K-12: The Land of Bad Science

Bruce Deitrick Price is one my favorite writers about American K-12 education — here is his writing at American Thinker:

I love WIRED magazine. I read it cover-to-cover every month.

If you want to know about a complex digital phenomenon such as Stuxnet, for example, read the story in WIRED. That’s where Israeli and American brainiacs planted viruses and other malware in the Iranian nuclear program, thereby crippling it for several years. The complexity of this operation was almost beyond human grasp. Most of Iran’s centrifuges and gauges were controlled by foreign enemies. Motors ran at destructively high speeds, but the gauges said everything was fine.

In one area, however, WIRED disappoints me greatly. The editors don’t seem to grasp that Stuxnet-like phenomena abound throughout American K-12.

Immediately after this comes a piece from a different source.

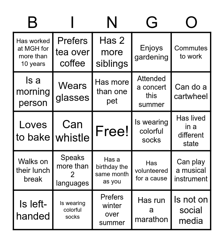 This bingo card has a free space and 24 words: Speaks more than 2 languages, Is wearing colorful socks, Has more than one pet, Is left-handed, Commutes to work, Has worked at MGH for more than 10 years, Is a morning person, Prefers tea over coffee, Is wearing colorful socks, Has a birthday the same month as you, Attended a concert this summer, Loves to bake, Has volunteered for a cause, Can play a musical instrument, Wears glasses, Has run a marathon, Has lived in a different state, Has 2 more siblings, Can do a cartwheel, Can whistle, Is not on social media, Walks on their lunch break, Enjoys gardening and Prefers winter over summer.

As with Stuxnet, you have viruses and malware planted in every public school. Genuine, efficient education is virtually impossible to achieve. Every aspect of the school’s operation is compromised. Gauges don’t give good readings; centrifuges run at the wrong speeds. Hostile forces seem to control everything. One is reminded of the famous A Nation At Risk report (1983), which declared: “If an unfriendly foreign power had attempted to impose on America the mediocre educational performance that exists today, we might well have viewed it as an act of war.”

It was. It is.

Good pedagogical techniques are like an efficient machine or a well designed circuit. You get the most results with the least energy. That’s what science is all about.

Well, here is some tragic news. You won’t find such fancy outcomes in our K-12.

What our schools are full of is bad science and egregious engineering. That’s where I tell you that to learn to read or do arithmetic, you have to hop on one foot, wear only denim, or whistle “Dixie.” In other words, the pedagogy includes unnecessary and destructive steps.